◆ **Required work**
Retype the data that follows exactly. No pictures belong in the copy.

◆ **Collected material**
########################################

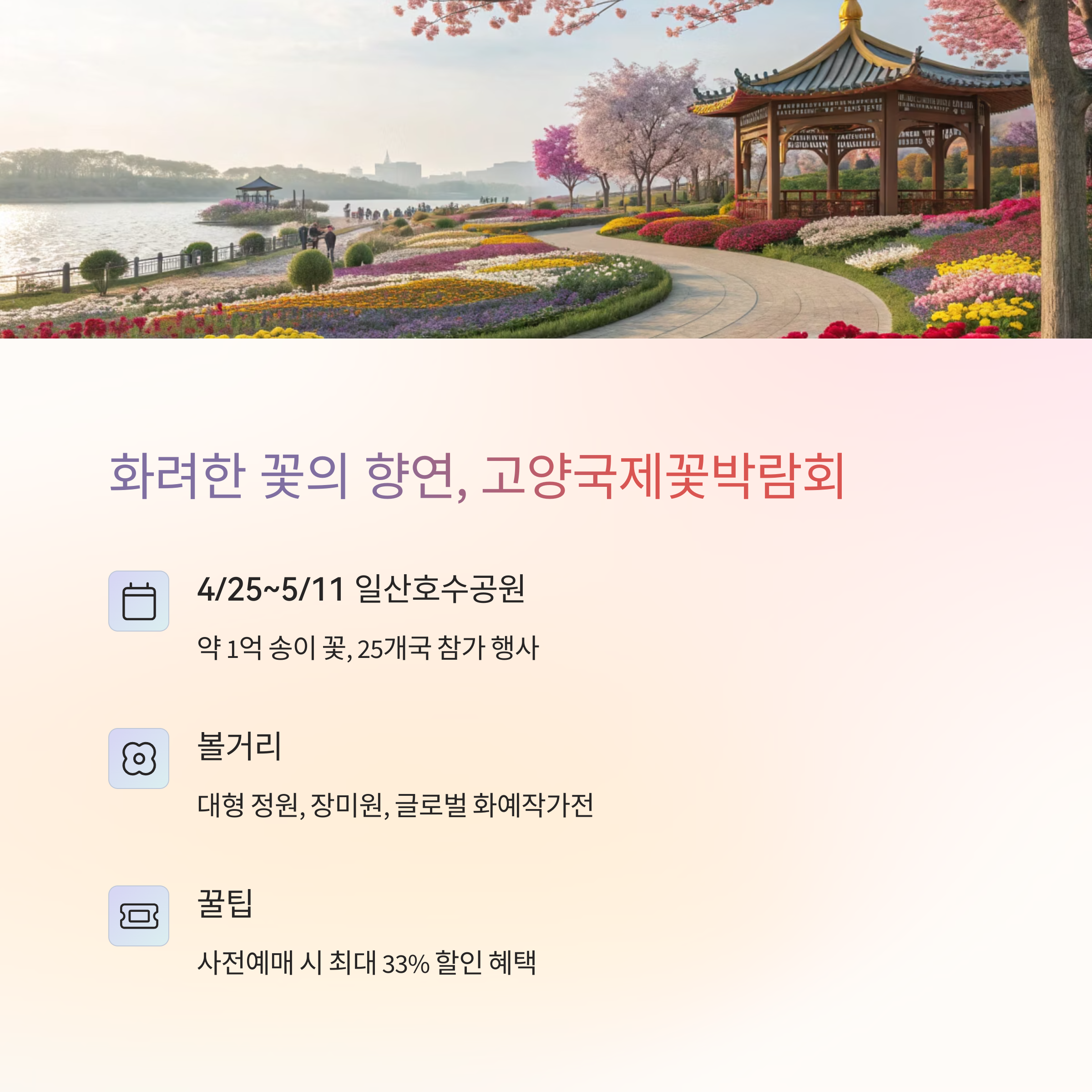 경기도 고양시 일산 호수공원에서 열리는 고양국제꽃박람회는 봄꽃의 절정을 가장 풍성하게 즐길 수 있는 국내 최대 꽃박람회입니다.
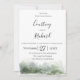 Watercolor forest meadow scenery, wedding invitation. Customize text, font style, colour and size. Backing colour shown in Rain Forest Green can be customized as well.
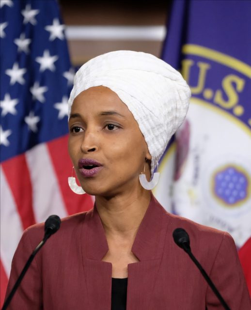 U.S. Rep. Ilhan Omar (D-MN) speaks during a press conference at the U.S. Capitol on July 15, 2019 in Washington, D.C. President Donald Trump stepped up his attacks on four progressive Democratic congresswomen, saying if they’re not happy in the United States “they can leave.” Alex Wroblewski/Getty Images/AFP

########################################

◆ **Answer area**
 경기도 고양시 일산 호수공원에서 열리는 고양국제꽃박람회는 봄꽃의 절정을 가장 풍성하게 즐길 수 있는 국내 최대 꽃박람회입니다.
 Watercolor forest meadow scenery, wedding invitation. Customize text, font style, colour and size. Backing colour shown in Rain Forest Green can be customized as well.
 U.S. Rep. Ilhan Omar (D-MN) speaks during a press conference at the U.S. Capitol on July 15, 2019 in Washington, D.C. President Donald Trump stepped up his attacks on four progressive Democratic congresswomen, saying if they’re not happy in the United States “they can leave.” Alex Wroblewski/Getty Images/AFP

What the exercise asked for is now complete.